◆ DATA EXTRACT ◆
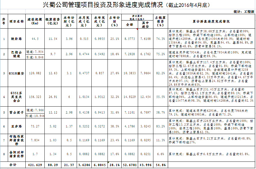 興蜀公司管理項目投資及形象進度完成情況(截止2016年4月底)
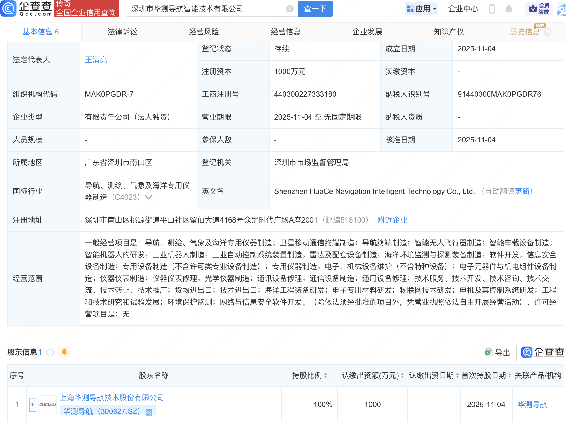 企查查APP显示,近日,深圳市华测导航智能技术有限公司成立,注册资本1000万元,经营范围包含:智能无人飞行器制造;智能车载设备制造;智能机器人的研发;工业机器人制造等。企查查股权穿透显示,该公司由华测导航(300627)全资持股。
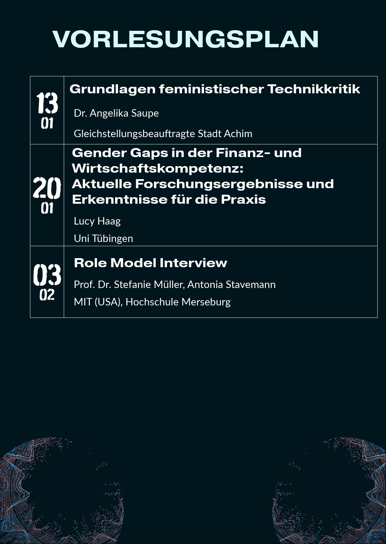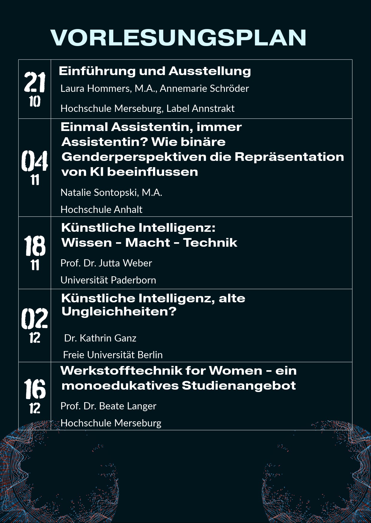 Diese Vorlesung ist im Modul (F)empowering Wissen verortet und verfolgt das Ziel, durch kritische Aufklärung und reflektierte Wissensvermittlung den Zugang zum Feld der Technik insbesondere für Frauen* zu erweitern und zu stärken. Sie unternimmt eine Reise von den Grundlagen feministischer Technikkritik hin zu vielfältigen Perspektiven auf den gegenwärtigen Einsatz von Künstlicher Intelligenz. In verschiedenen Vorträgen werden die komplexen Wechselverhältnisse zwischen Technik, Geschlecht, Macht und Wissen sowie deren Einfluss auf die heutige Arbeitswelt kritisch beleuchtet. Darüber hinaus werden Ansätze vorgestellt, wie mehr Frauen* für das Feld der Technik gewonnen werden können und welche Unterstützungsangebote den Studienerfolg nachhaltig sicherm.

◆ TASK TO CARRY OUT ◆
Write out the whole listing exactly as it appears, and omit the pictures.

◆ THE ANSWER ◆
 興蜀公司管理項目投資及形象進度完成情況(截止2016年4月底)
 企查查APP显示,近日,深圳市华测导航智能技术有限公司成立,注册资本1000万元,经营范围包含:智能无人飞行器制造;智能车载设备制造;智能机器人的研发;工业机器人制造等。企查查股权穿透显示,该公司由华测导航(300627)全资持股。
 Diese Vorlesung ist im Modul (F)empowering Wissen verortet und verfolgt das Ziel, durch kritische Aufklärung und reflektierte Wissensvermittlung den Zugang zum Feld der Technik insbesondere für Frauen* zu erweitern und zu stärken. Sie unternimmt eine Reise von den Grundlagen feministischer Technikkritik hin zu vielfältigen Perspektiven auf den gegenwärtigen Einsatz von Künstlicher Intelligenz. In verschiedenen Vorträgen werden die komplexen Wechselverhältnisse zwischen Technik, Geschlecht, Macht und Wissen sowie deren Einfluss auf die heutige Arbeitswelt kritisch beleuchtet. Darüber hinaus werden Ansätze vorgestellt, wie mehr Frauen* für das Feld der Technik gewonnen werden können und welche Unterstützungsangebote den Studienerfolg nachhaltig sicherm.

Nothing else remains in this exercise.